И опять я вынужден повторяться. Новое не в том, что литераторы превозносят деятельную жизнь и презирают жизнь малоподвижную; новое в отсутствии наивности, в усвоенном ими назидательном тоне. Когда Ронсар восклицает:
Благие боги, кто бы стал хвалитьТого, кто, приохотившись до чтенья,О жизни не имеет попеченья [336] ,когда Бертран де Борн утверждает, что «ни один человек высокого происхождения не думает ни о чем ином, как только о том, чтобы сечь головы и руки», когда Фруассар воспевает славу рыцарей и бросает в лицо буржуа полные презрения слова, – никто не сочтет этих простодушных, взявшихся за лиру, принимающих гордые позы и знать не знающих понятия «доктрина», предшественниками наших важных профессоров милитаристской эстетики. Впрочем, сомневаюсь, чтобы автор книги «Сцены и доктрины национализма»* ощущал себя преемником этих наивных людей.
336
Заметьте, сам Ронсар – человек, «приохотившийся до чтенья».

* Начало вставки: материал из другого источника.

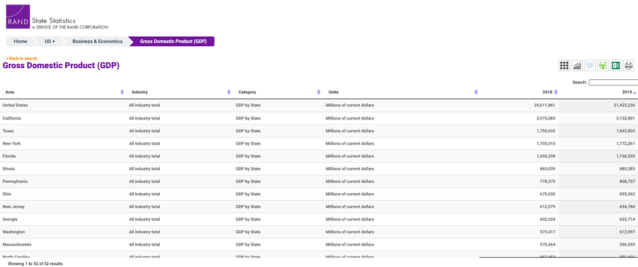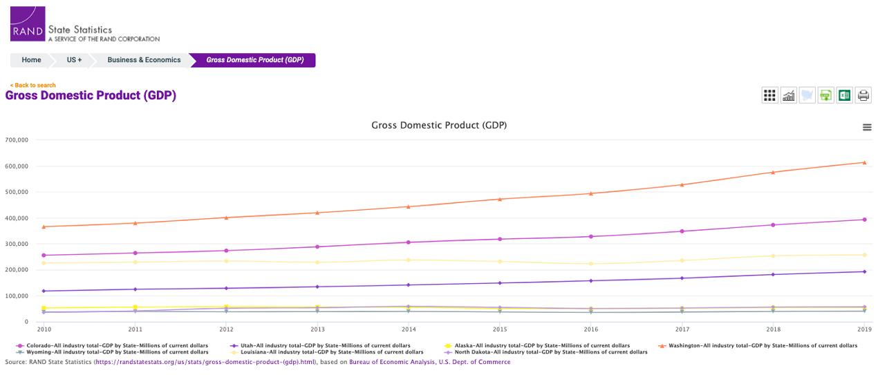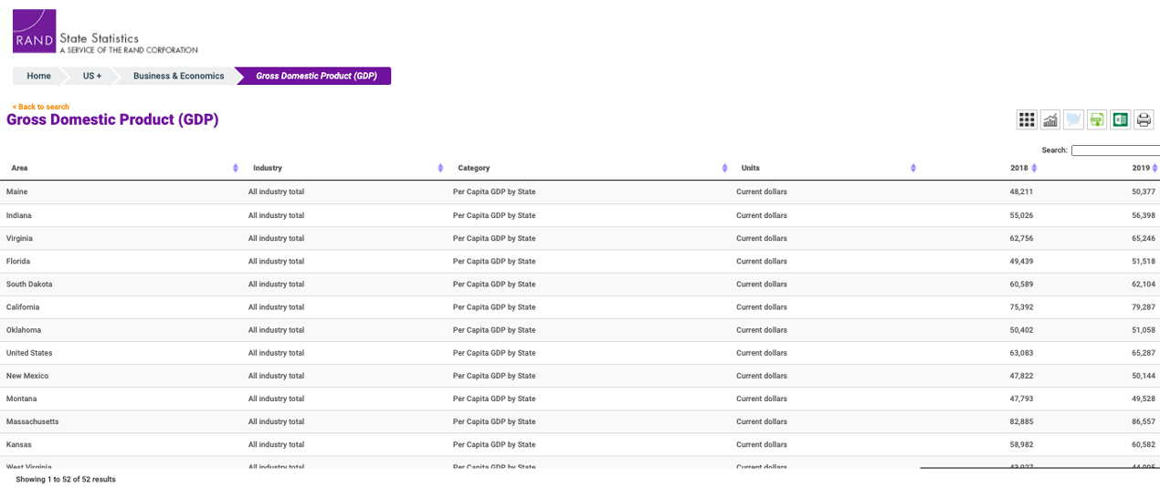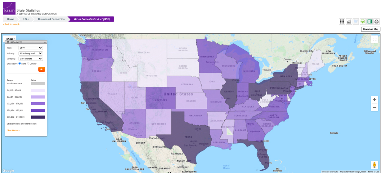 RAND State Statistics recently updated its Gross Domestic Product (GDP) database with GDP by state and GDP Per Capita in nominal and constant or "chained" (2012) dollars, from 2001 to 2019. The data is based on North American Industry Classification System (NAICS) categories and the per capita figures are based on July 1st population data from the Bureau of the Census. Here are some of the highlights.

Презрение к жизни духа – ясно выраженное поучающим тоном – я обнаружил у одного писателя XVII в., очень напоминающего некоторых современных мастеров своим старанием унизить тогу перед шпагой (правда, этот писатель – дворянин совсем не знатного рода): «Без сомнения, нет лучшего способа ослабить мужество, чем занять умы спокойными упражнениями, требующими усидчивости; праздность не могла бы проникнуть в благоустроенные государства путем более хитрого и более опасного обмана, чем литературный вымысел. Праздные и леностные люди, отчасти разрушившие торговлю и земледелие, явились причиною слабости нашего государства и низости нашего века» (J.-L. de Balzac. Le Prince, 1631;
И наоборот, у одного из корифеев великой эпохи французской истории находим восхваление жизни духа в противоположность жизни деятельной – восхваление, в отношении которого я спрашиваю себя, многие ли из наших современных мастеров, почитающих эту эпоху, одобрили бы его (я думаю, прежде всего, о тех, кого восхищают теории Жоржа Сореля): «Только человек с твердым характером и незаурядным умом может, живя во Франции, обходиться без должности и службы, по доброй волей замкнуться в четырех стенах и ничего не делать. Мало кто обладает столь высокими качествами, чтобы достойно вести подобный образ жизни, и таким духовным богатством, чтобы заполнить свой досуг не „делами“, как их называет светская чернь, а совсем иными занятиями. Все же было бы справедливо, если бы эти занятия, состоящие из чтения, бесед и раздумий о том, как обрести душевный покой, именовали бы не праздностью, а трудом мудреца» (Лабрюйер. О достоинствах человека)*.
Прим. Р
Manifeste du parti de l’intelligence («Figaro», 19 juillet 1919)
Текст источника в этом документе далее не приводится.